- WHAT IS REQUIRED -
One range is to be output from the listing below, exactly as written: the line with "Автівка після ДТП." to the line with "Резонансне ■ У", both kept.

- EXTRACTED DATA -
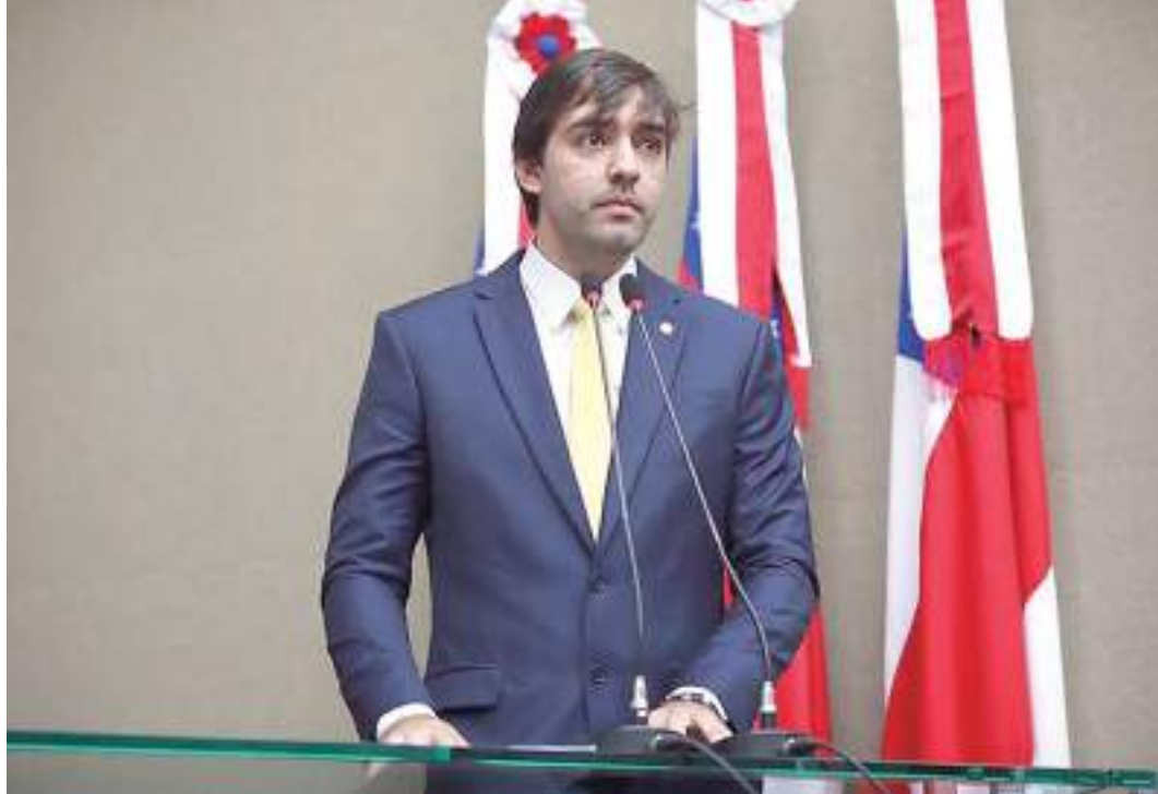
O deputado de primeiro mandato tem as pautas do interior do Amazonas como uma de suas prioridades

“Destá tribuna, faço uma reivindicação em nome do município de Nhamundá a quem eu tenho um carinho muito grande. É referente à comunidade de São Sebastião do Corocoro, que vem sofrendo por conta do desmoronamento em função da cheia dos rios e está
---
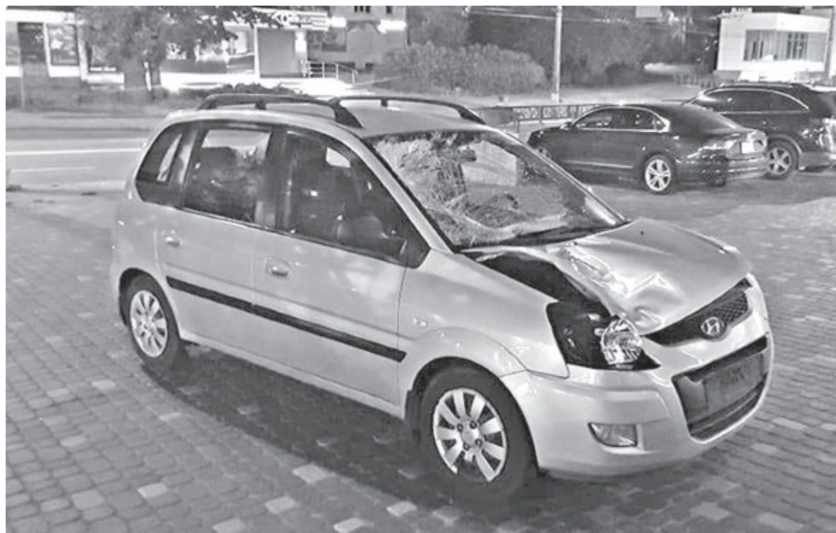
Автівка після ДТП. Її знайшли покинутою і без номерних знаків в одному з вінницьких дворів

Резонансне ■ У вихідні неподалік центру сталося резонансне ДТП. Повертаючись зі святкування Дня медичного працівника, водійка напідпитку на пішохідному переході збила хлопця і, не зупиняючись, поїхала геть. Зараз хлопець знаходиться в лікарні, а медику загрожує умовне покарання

- RESPONSE TO THIS TASK -
Автівка після ДТП. Її знайшли покинутою і без номерних знаків в одному з вінницьких дворів

Резонансне ■ У вихідні неподалік центру сталося резонансне ДТП. Повертаючись зі святкування Дня медичного працівника, водійка напідпитку на пішохідному переході збила хлопця і, не зупиняючись, поїхала геть. Зараз хлопець знаходиться в лікарні, а медику загрожує умовне покарання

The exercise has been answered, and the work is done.